Scavi recenti sotto la Chiesa della Natività hanno portato alla luce le fondamenta di abitazioni medievali, le fosse di sepoltura e un cimitero di epoca bizantina (IX-X secolo).

Nel piano interrato c’è una cripta con affreschi orientali del Crocifisso e di San Marco e numerose grotte naturali adibite a luoghi di culto.

Vale la pena visitare anche il seicentesco convento dei Cappuccini, il Castello Brancaccio, trasformato in dimora signorile, e casa natale-museo dello scultore ruffanese Antonio Bortone (1844-1938), uno degli scultori italiani più apprezzati fra l’Ottocento e il Novecento, dove sono conservate molte sue opere autografe, come la scultura della Vittoria Alata.

Da visitare inoltre la Pinacoteca comunale in cui sono presenti numerose opere d’arte contemporanee e la Biblioteca comunale “don Tonino Bello” con un fondo librario a partire dal XVI secolo, ma anche il Museo naturalistico della Madonna della Serra, il Museo della Ceramica, adiacente agli scavi della chiesa matrice di Ruffano e il Museo della Civiltà Contadina di Torrepaduli.

Nel paese ci sono, inoltre, diversi laboratori artigianali della ceramica, del rame, dei pizzi e dei merletti, del ricamo, dell’intreccio, del tamburello, dove non mancano aspetti innovativi.

I piatti tipici ruffanesi

I prodotti locali sono legati alle colture tradizionali dell’ortofrutta, dell’olivo e del grano, ma è soprattutto l’olio extravergine di qualità ad avere una certa preminenza produttiva.

I piatti tipici che vale la pena provare sono i “Ciciri e Tria cu li frizzuli”, un piatto presente da sempre nella cultura culinaria salentina, fatto con ceci e pasta fresca di cui, una parta, è fritta; i “pezzetti di cavallo”, uno spezzatino di carne di cavallo al sugo aromatizzata con pepe e alloro; i “cecamariti”, frittelle con verdure di stagione; la “scurdijiata”, composta da verdure, legumi e pane fritto e le “fave con il cappotto”, tutte pietanze cotte nella ceramica di produzione locale.

Non mancano i dolci con pasta di mandorle e i “caranciuli”, dolci tipici natalizi.

Cosa fare a Ruffano

Fra gli eventi più importanti di Ruffano si contano quello del patrono Sant’Antonio da Padova che si svolge dall’11 al 13 giugno e quello di San Marco, il 25 aprile, per i quali si organizza una fiera e si addobba il paese con le luminarie, la banda riempie le strade di musica e poi si concludono i festeggiamenti con fuochi pirotecnici.

Nella frazione di Torrepaduli molti fedeli, devoti e turisti si ritrovano nella notte tra il 15 e il 16 agosto nel piazzale antistante il Santuario, per la festa di San Rocco durante la quale si svolgono le tradizionali “ronde” con la “danza dei coltelli” o “danza scherma” al ritmo della pizzica.

Imperdibile a maggio la manifestazione “Cortili aperti” nella quale si celebrano la bellezza e la particolarità del centro storico di Ruffano, dei suoi palazzi e delle case a corte.

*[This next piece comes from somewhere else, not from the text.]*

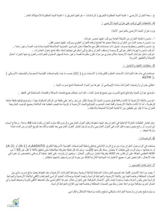 اﻟﻤﻄﻠﻮﺑﺔ اﻟﻤﯿﺎه ﻛﻤﯿﺔ)اﻟﺮﺷﺎﺷﺎت+اﻟﺤﺮﯾﻖ ﺧﺮاﻃﯿﻢ+ (اﻟﻤ ﻛﻤﯿﺔاﻟﻌﺎم ﻟﻼﺳﺘﮭﻼك اﻟﻤﻄﻠﻮﺑﺔ ﯿﺎه. 4-اﻷرﺿﻲ اﻟﻤﯿﺎه ﺧﺰان ﻋﻠﻰ ﺗﺮﻛﺐ اﻟﺘﻲ اﻟﻤﻠﺤﻘﺎت: اﻵﺗﯿﺔ ﺑﺎﻟﻤﻮاﺳﯿﺮ اﻷرﺿﻲ اﻟﻤﯿﺎه ﺧﺰان ﯾﺰود: أ–ﻋﻮاﻣﺔ ﻣﺤﺒﺲ ﻋﻠﯿﮭﺎ وﯾﺮﻛﺐ اﻟﻌﺎﻣﺔ اﻟﺸﺒﻜﺔ ﻣﻦ اﻟﺨﺰان ﺗﻐﺬﯾﺔ ﻣﺎﺳﻮرة. ب-اﻟﻌﻠﻮي ﻟﻠﺨﺰان ﻟﺮﻓﻌﮫ اﻟﻀﺦ ﻣﺠﻤﻮﻋﺔ ﺑﻮاﺳﻄﺔ اﻟﺨﺰان ﻣﻦ اﻟﻤﺎء ﺳﺤﺐ ﻣﺎﺳﻮرةﻗﻔﻞ ﻣﺤﺒﺲ ﻋﻠﯿﮭﺎ وﯾﺮﻛﺐ. ج-ﺳﺎﻣﺔ وﻏﯿﺮ اﻟﺼﺪأ ﺿﺪ ﺑﻤﺎدة ﻟﻠﻤﯿﺎه اﻟﻤﻼﺻﻘﺔ اﻟﺤﺪﯾﺪﯾﺔ اﻟﻤﻮاﺳﯿﺮ دھﺎن ﻣﻼﺣﻈﺔ ﻣﻊ ﻗﻔﻞ ﺻﻤﺎﻣﺎت ذات ﻏﺴﯿﻞ ﺻﺮف وﺧﻄﻮط ﻓﺎﺋﺾ ﻣﺎﺳﻮرة. -ﺗﮭﻮﯾﺔ ﻣﺎﺳﻮرة ﺗﺮﻛﺐ)ﺣﻮاﻟﻲ ﻗﻄﺮ2ﺑﻮﺻﺔ(اﻟﺤﺸﺮات دﺧﻮل ﻟﻤﻨﻊ ﺳﻠﻚ ﺷﺒﻚ ﻧﮭﺎﯾﺘﮭﺎ ﻓﻲ أﺳﻔﻞ إﻟﻰ وﺑﻜﻮع اﻟﺨﺰان ﺑﺴﻘﻒ. -ﺗﺮأﻋﻤ ﻹﺟﺮاء ﻣﻨﮭﺎ واﻟﺨﺮوج ﻟﻠﺨﺰاﻧﺎت اﻟﺪﺧـﻮل ﻟﺘﺴﮭﯿﻞ ﺳﺎﻣﺔ وﻏﯿﺮ ﻟﻠﺼﺪأ ﻣﻘﺎوﻣﺔ ﺗﻜﻮن ﻣﻮاد ﻣﻦ ﺑﺤﺎري ﺳﻼﻟﻢ اﻷرﺿﯿﺔ اﻟﻤﯿﺎه ﺧﺰاﻧﺎت داﺧﻞ ﻛﺐﺎل اﻟﺪورﯾﺔ واﻟﺘﻄﮭﯿﺮ اﻟﺼﯿﺎﻧﺔ 5-واﻻﺧﺘﺒﺎر اﻟﺘﻨﻔﯿﺬ ﻣﺘﻄﻠﺒﺎت: -ﻟﻠﻜﺒﺮﯾﺘﺎت اﻟﻤﻘﺎوم اﻷﺳﻤﻨﺖ اﻟﺨﺰاﻧﺎت ھﺬه ﺑﻨﺎء ﻓﻲ ﯾﺴﺘﺨﺪم)ﻧﻮع اﻷﺳﻤﻨﺖ(V) )اﻷﻣﺮﯾﻜﻲ واﻟﺘﺼﻨﯿﻒ اﻟﺴﻌﻮدﯾﺔ اﻟﻘﯿﺎﺳﯿﺔ ﺑﺎﻟﻤﻮاﺻﻔﺎت ﺟﺎء ﻣﺎ ﺣﺴﺐ( ASTM ). -اﻟﻤﯿﺎه ﺗﺴﺮب ﻟﻤﻨﻊ اﻟﻤﺴﺘﻌﻤﻠﺔ اﻟﻤﻮاد ﻣﻦ ﻏﯿﺮھﺎ أو اﻹﯾﺒﻮﻛﺴﻲ ﺑﻤﺎدة اﻟﺨﺰاﻧﺎت وأرﺿﯿﺎت ﺟﺪران ﺗﻄﻠﻰ. -ﻓﺘﺤ ﺟﻤﯿﻊ ﺑﺈﺣﻜﺎم ﺗﺴﺪ ﻛﻤﺎ ، اﻟﺒﻨﺎء ﻓﻮاﺻﻞ ﺟﻤﯿﻊ ﺑﯿﻦ اﻟﺘﺴﺮب ﻟﻤﻨﻊ وﻗﻮاﻃﻊ ﻟﻠﻤﯿﺎه ﻋﻮازل ﺗﻮﺿﻊاﻟﺘﻨﻔﯿﺬ ﻓﻲ اﻟﻤﺴﺘﻌﻤﻠﺔ واﻟﻔﺘﺤﺎت اﻟﺴﺒﺎﻛﺔ ﺎت. -ﻃ ﻓﻮﻗﮭﺎ وﺗﻮﺿﻊ ، ًاﺟﯿﺪ اﻟﻤﺪﻛﻮك اﻟﺮﻛﺎم ﻣﻦ ﻃﺒﻘﺔ ﻋﻠﻰ واﺣﺪ ﻣﺘﺮ ﻣﻦ ﺑﺄﻛﺜﺮ اﻷرﺿﯿﺔ اﻟﻤﯿﺎه ﻣﻨﺴﻮب ﻓﻮق واﻗﻌﺔ ﻛﺎﻧﺖ إذا اﻷرﺿﯿﺔ ﺑﻼﻃﺔ ﺗﺆﺳﺲﻣﺎﻧﻌﺔ ﺒﻘﺔ اﻷر ﻟﻠﻤﯿﺎه اﻟﻤﺘﻮﻗـﻊ اﻟﻤﻨﺴﻮب ﺗﺤﺖ واﻗﻌﺔ اﻷرﺿﯿﺔ ﺑﻼﻃﺔ ﻛﺎﻧﺖ إذا أﻣﺎ ، ﻟﻠﺮﻃﻮﺑﺔاﻟﺨﺎرﺟﯿﺔ اﻟﻮﺟـﻮه وﺟﻤﯿﻊ اﻟﺒﻼﻃﺔ ھﺬه ﺗﻐﻄﯿﺔ ﻓﯿﺠﺐ ﻣﻨﮫ ﻗﺮﯾﺒﺔ أو ﺿﯿﺔ ﺑﺎﻷﺳﻔﻠﺖ اﻟﻤﺸﺒﻌﺔ اﻟﻌﺎزﻟﺔ اﻷﻏﺸﯿﺔ ﻣﻦ ﻃﺒﻘﺘﯿﻦ ﻋﻦ ﯾﻘﻞ ﻻ ﺑﻤﺎ ﻟﻠﺨﺰان. -ﻟﻤﺪة ﺑﺎﻟﻤﺎء اﻟﺨﺰان ﺑﻤﻞء وذﻟﻚ واﻟﺮدم اﻟﺨﺎرﺟﻲ اﻟﻌﺰل وﻗﺒﻞ ﺗﻨﻔﯿﺬھﺎ اﻧﺘﮭﺎء ﺑﻌﺪ اﻟﺨﺰان ﻓﻲ اﻟﺪاﺧﻠﯿﺔ اﻟﻌﺎزﻟﺔ اﻟﻄﺒﻘﺎت اﺧﺘﺒﺎر ﯾﺘﻢ48أﺳﺒﺎب وﻋﻼج ، ﺳﺎﻋﺔ ﺗﻨﻔﯿﺬه ﺑﻌﺪ اﻟﺨﺎرﺟﻲ اﻟﻌﺰل اﺧﺘﺒﺎر ﯾﺘﻢ ﺛﻢ واﻟﺮدم اﻟﺨﺎرﺟﻲ اﻟﻌﺰل ﻓﻲ اﻟﺒﺪء ﻗﺒﻞ وﺟﻮده ﯾﺘﺒﯿﻦ رﺷﺢ أو ﺗﺴﺮب أيًﺎﺗﻤﺎﻣ اﻟﻤﺎء ﻣﻦ اﻟﺨﺰان ﺗﻔﺮﯾﻎ ﺑﻌﺪ وذﻟﻚ ﻟﯿﺠﻒ وﺗﺮﻛﮫ. 6-اﻟﺮدﻣﯿــﺎت: اﻹﻧﺸﺎﺋﻲ اﻟﺮدم ﻧﻮع ﻣﻦ ﻣﻮاد اﻟﺨﺰان ﺣﻮل اﻟﺮدم ﻓﻲ ﯾﺴﺘﺨﺪم)ﻣﻨﺘﻘﻰ(ﻃﺒﻘﻟﻠﻄﺮق اﻷﻣﺮﯾﻜﯿﺔ اﻟﻘﯿﺎﺳﯿﺔ ﻟﻠﻤﻮاﺻﻔﺎت ًﺎAASHTOرﻗﻢ1)-(Aأو2)-(A ﻣﻨﮭﺎ ﻛﻞ ﺳﻤﻚ ﯾﺘﺠﺎوز ﻻ ﻃﺒﻘﺎت ﻋﻠﻰ اﻟﺮدم وﯾﺘﻢ ، ﯾﻌﺎدﻟﮭﺎ ﻣﺎ أو20ﻋﻦ ﺗﻘﻞ ﻻ ﻛﺜﺎﻓﺔ ﺗﺤﻘﯿﻖ ﺣﺘﻰ ﻣﯿﻜﺎﻧﯿﻜﯿﺔ ﺑﻄﺮﯾﻘﺔ ﻃﺒﻘﺔ ﻛﻞ دك وﯾﺘﻢ ، ﺳﻢ95ﻣﻦ ٪ اﺧﺘﺒﺎر ﺑﻄﺮﯾﻘﺔ اﻟﻜﺜﺎﻓﺔ ھﺬه ﺗﻘﺎس أن ﻋﻠﻰ اﻟﺠﺎﻓﺔ اﻟﻌﻈﻤﻰ اﻟﻜﺜﺎﻓﺔﻓﻲ ﺧﺒﺮة ذو ﻣﺘﺨﺼﺺ ﻓﻨﻲ اﻟﺮدم ﻋﻤﻠﯿﺔ ﺗﻨﻔﯿﺬ ﻋﻠﻰ ﯾﺸﺮف أن وﯾﺘﻌﯿﻦ ، اﻟﻤﻌﺪل ﺑﺮوﻛﺘﻮر ﺑﺎﻧﺘﻈﺎم ﻧﺘﺎﺋﺠﮭﺎ وﺗﺴﺠﯿﻞ اﻟﺮدم ﺟﻮدة ﻣﻦ ﻟﻠﺘﺄﻛﺪ اﻟﻼزﻣﺔ اﻟﻤﯿﺪاﻧﯿﺔ اﻻﺧﺘﺒﺎرات ﺟﻤﯿﻊ إﺟﺮاء ﯾﺘﻌﯿﻦ ﻛﻤﺎ ، اﻷﻋﻤﺎل ھﺬه. 7-اﻟﺘﺼﻤﯿﻢ اﺷﺘﺮاﻃﺎت: أ-اﻟﺨﺮﺳﺎﻧ ﺗﺼﻤﯿﻢ ﻋﻨﺪ اﻟﻔﻨﯿﺔ اﻷﺻﻮل ﻣﺮاﻋﺎة ﯾﺠﺐﺑﯿﻦ ﻣﺎﺋﻲ ﺗﺴﺮب ﻣﺎﻧﻊ ﯾﻌﻤﻞ ﺗﻨﻔﯿﺬھﺎ وﻋﻨﺪ اﻷرﺿﯿﺔ اﻟﺨﺰاﻧﺎت وﺣﻮاﺋﻂ أرﺿﯿﺔ ﻟﺒﻼﻃﺔ اﻟﻤﺴﻠﺤﺔ ﺎت اﻷرﺿ ﻟﺒﻼﻃﺔ واﻷﻓﻘﻲ ﻟﻠﺤﻮاﺋﻂ اﻟﺮأﺳﻲ اﻟﺤﺪﯾﺪ ﺑﻮﺻﻼت اﻟﻌﻨﺎﯾﺔ وأﯾﻀﺎ اﻟﺮأﺳﯿﺔ واﻟﺤﻮاﺋﻂ اﻷرﺿﯿﺔ ﺑﻼﻃﺔ ﺑﯿﻦ ﻓﯿﻤﺎ وﺧﺎﺻﺔ اﻟﻤﺨﺘﻠﻔﺔ اﻟﺼﺒﺎتواﻟﺤﻮاﺋﻂ ﯿﺔ وﻣﺄ ًﺎﺳ

Al di là del portale di accesso, è possibile scoprire l’anima verde dei giardini privati, veri scrigni d’arte e di tesori.

A Ruffano non ci si annoia mai. Nel corso dell’anno l’Amministrazione Comunale, in collaborazione con le Associazioni locali, organizza stagioni teatrali, eventi enogastronomici, incontri culturali, visite guidate, manifestazioni sportive, corsi sull’artigianato e concerti.